Bands like this are established to challenge our beliefs and with it, establish new and sacred techniques that are passable as experimentation and a viable option for future bands whom wish to base their music around the influence of this band. Alongside the recent records of Gris and Sombres Forêts, in particular, Skagos’ debut is a deliberate and forceful record aimed at pushing the boundaries of the scene and seeing how far they can stretch the limitations that supposedly rule the black metal scene. ‘Ást’ is one of those creations you can liken to almost anything but, at the same time, it is unlike anything you have ever heard given its strange mystical aura that wanders in and around the atmospherics like a caged animal, trapped and howling. Brave black metal is not without its faults, but admiration is certainly applied to the sounds of these bands that aim to create a slight twist on old methods in a new age. In years to come, I assume that records like ‘Ást’ will be considered defining moments in the history of the genre. Comparisons have been made to newly enforced acts such as Altar of Plagues and well established bands like Wolves in the Throne Room, but Skagos are an entity all to themselves.
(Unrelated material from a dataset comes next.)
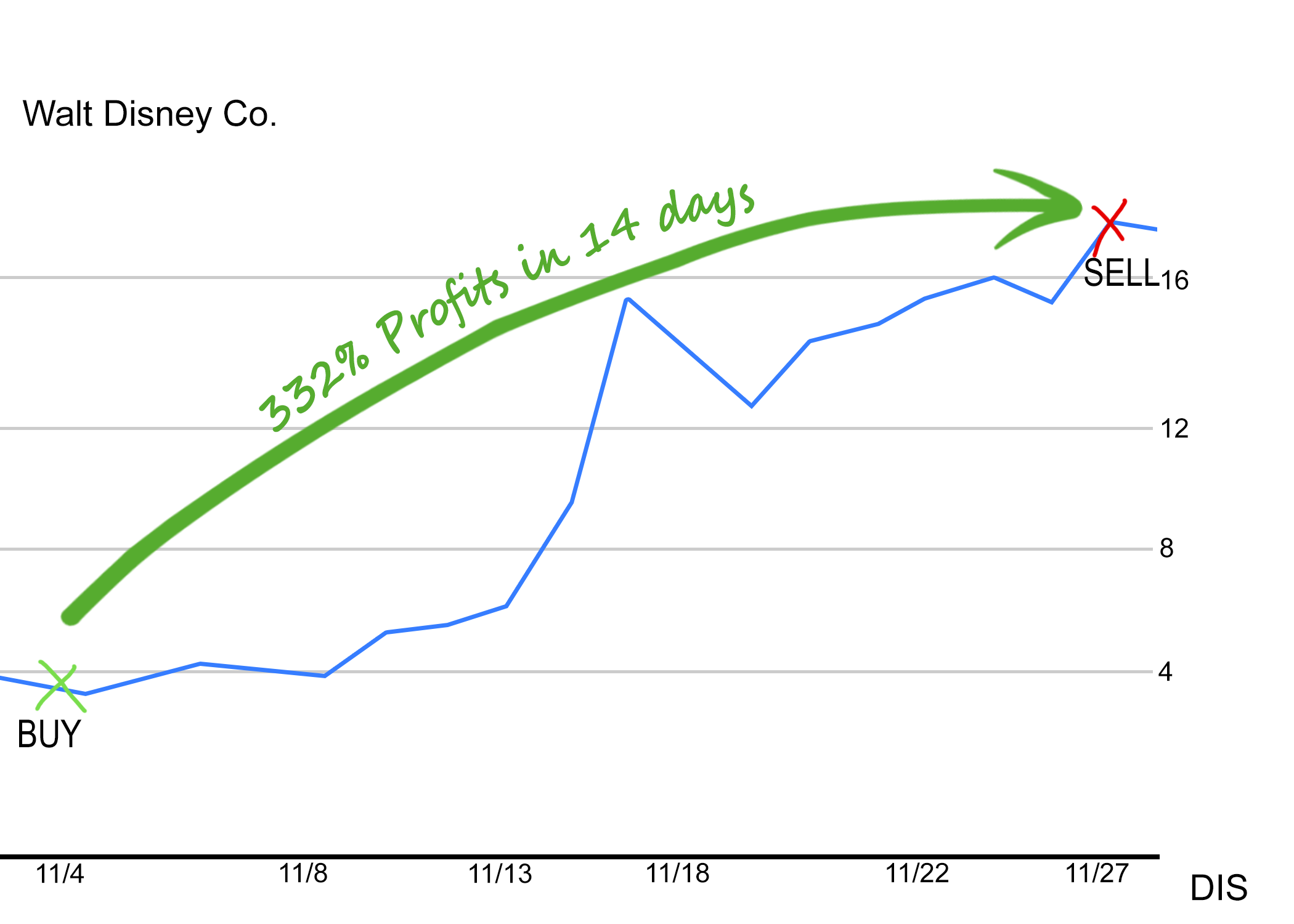 Allowing our trade to pull in 332% in just 2-weeks!

‘Ást’ takes smidges of folk inspired ramblings by late-and-great black metal acts like Ulver and simultaneously merges them with the acquired taste of atmospheric, nature inspired bands like Wolves in the Throne Room. This record uses a number of varied techniques to assemble the messages of the lyrical themes from words to glorified sounds and despite small hindrances, such as the questionable vocals, the conclusions come together like the perfection of the transition from night to day, or day to night as the sunset, or sunrise lights up the sky with an array of beautiful colours and reflective cloud patterns. The beauty of such a natural occurrence can be likened to the instrumentation on this piece as moody acoustics are followed by even moodier tremolo based riffs. The production, whilst allowing the guitars to exist as a hollow emotional form when played at a fast, repetitive rate, are arms of fog, which wrap their dense and moist atmospherics around us like a gentle, but passionate hug filled with both anger and warmth. The subtle folk elements provide the said warmth, and our old friend, the black metal maestro provides us with a bleak outlook as the repetition sets in and harsh, distant tones close in on us like an oncoming storm of emotions.
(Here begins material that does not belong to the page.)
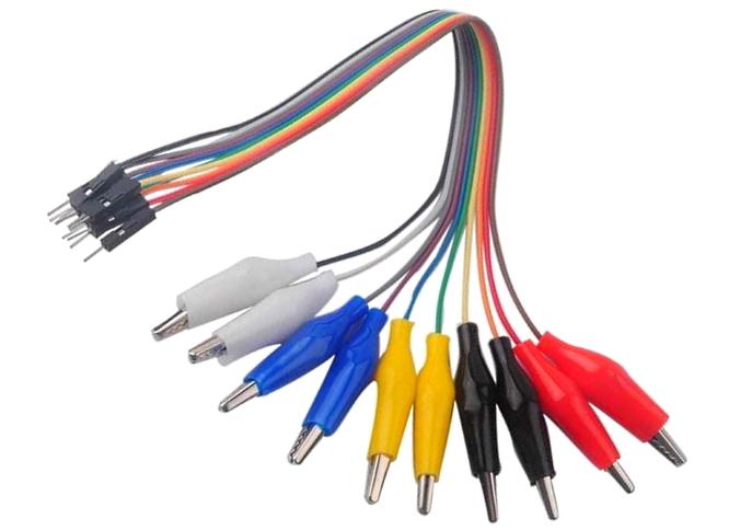 This is a 10-pack of wires that are pre-terminated with an alligator clip
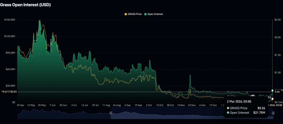 Bất chấp tâm lý “né rủi ro” vẫn phủ bóng lên toàn thị trường tiền điện tử, GRASS lại nổi lên như một điểm sáng, thu hút sự chú ý trở lại từ nhà đầu tư cá nhân. Trên thị trường phái sinh, lượng Hợp đồng mở (OI) – thước đo tổng giá trị danh nghĩa của các hợp đồng tương lai đang lưu hành – đã bật tăng mạnh lên gần 22 triệu USD trong ngày thứ Hai, so với mức 13,2 triệu USD của phiên liền trước.

My main problem is with the vocals. Compared to vocalists like Annatar, or Icare, Hawes and Symons don’t stand up well, but in terms of the record, they exist in an acceptable form resembling the Wolves in the Throne Room vocalist on ‘Two Hunters’ down to the last note. The harsh dissonance of the rasps suit’s the style, but the vocals aren’t as impacting as one would hope, especially in conjuration with the impacting instrumentation with which my laptop struggles to contain from spilling over and into my world. This emotional record is superb as an experimental entity. It flitters between influences and keeps things fresh, despite relying on elements of instrumentation like repetition on occasions. The Wolves in the Throne Room comparison is bound to throw some people off and cause them to neglect this piece, but for those of you who do allow this into your world, you probably won’t regret it. One of the best from 2009. Notable highlights include the immense ‘Caliginosity’ and ‘The Drums Pound Every Night in a Glorious Celebration of Life’.